In 1945, Gamble et al. [15] and Darrow [16] first described congenital alkalosis with diarrhea. In 1988, Lee et al. [17] reported the first two cases in Korea. Several patients have been were reported in Korea; all were misdiagnosed as chronic diarrhea, Bartter syndrome, Reye syndrome, Hirschsprung disease or small bowel obstruction. One premature infant presumed as small bowel obstruction underwent an exploratory laparotomy [18]. In Korea, no CLD patient has undergone genetic study, but the first mutational analysis was conducted in 2012. A missense variant (c.525G>C; p.Arg175 Ser) and a splicing mutation (c.2063-1G>T) in the SLC26A3 gene were identified in that patient [19]. Recently, genetic analysis was performed in eight Korean-origin patients with non-consanguineous parents, and the most common mutation found was c.2063-1G>T [20].

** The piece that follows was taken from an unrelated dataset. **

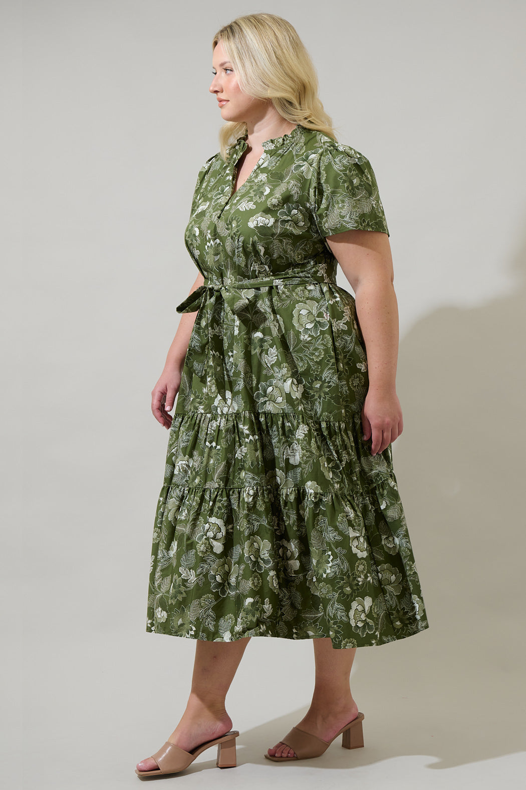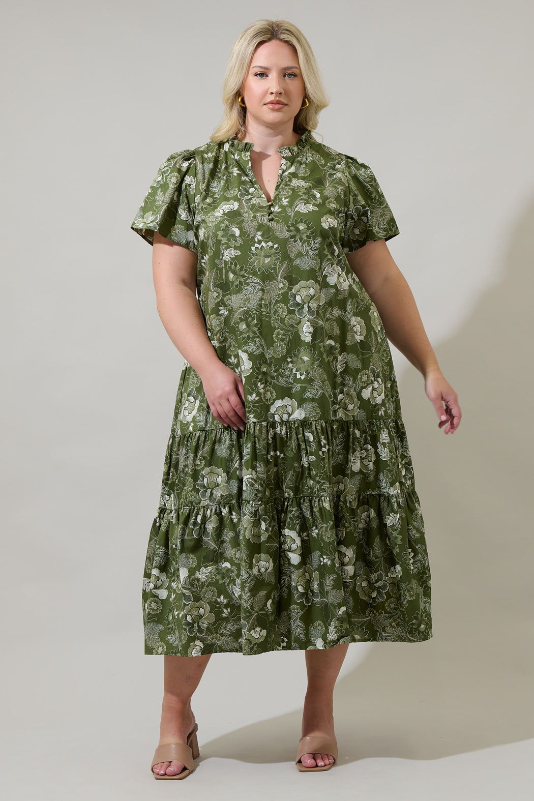 The Hazleton Floral Britt Poplin Tiered Midi Dress is one of kind. This midi dress has short sleeves that frame a split neckline with ruffles around and a lower button up detail. It has belt around the waist and tiered layers. You can easily style it with wedges or strappy heels.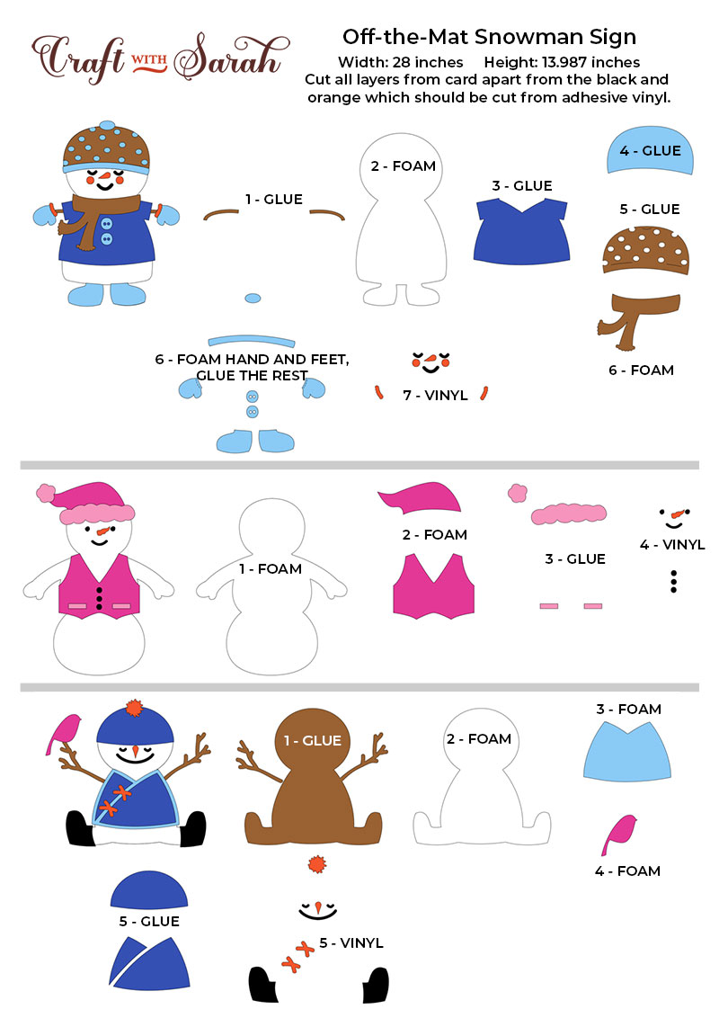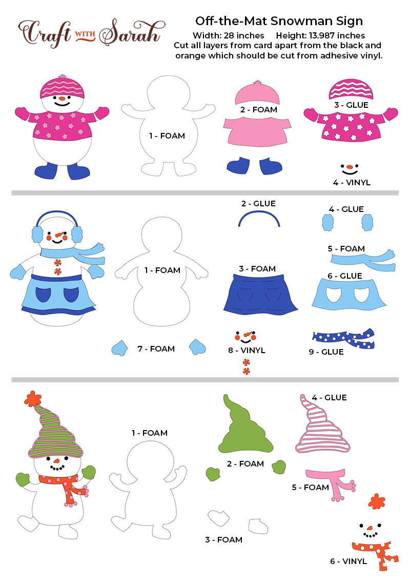Stick the snowpeople together using the guides below, then glue or foam them onto your sign.

To the best of our knowledge, this is the first case report of non-identical twins affected by CLD. Despite being twins, the severity of symptoms differed. There are several cases of sibling with CLD but there are little data about the different clinical courses of twin patients. Despite same type of genetic mutation, many patients with CLD present with varying severity. Patients with CLD are vulnerable to gastrointestinal tract infection. Whether these twins have the same genetic defects or not, in our opinion, infection or other factors may have made such difference in their clinical courses and outcomes. The male had experienced severe metabolic alkalosis and hyponatremia that led to developmental delay and growth retardation. Early diagnosis and proper treatment could prevent these crisis and complications. We cannot overemphasize the importance of early recognition and early treatment of CLD. We could not ascertain the causative mutations since parental consent for a gene study was not given. If mutations are identified, it would be helpful to understand the incidence of disease and counseling. But even before carrying out genetic study, we should be aware of the possibility of CLD when encountering a patient with chronic diarrhea. If neonates show prenatal findings of dilated bowel loops and polyhydramnios, but there is no evidence of intestinal obstruction after birth, we should be mindful of CLD and consider evaluating stool electrolytes.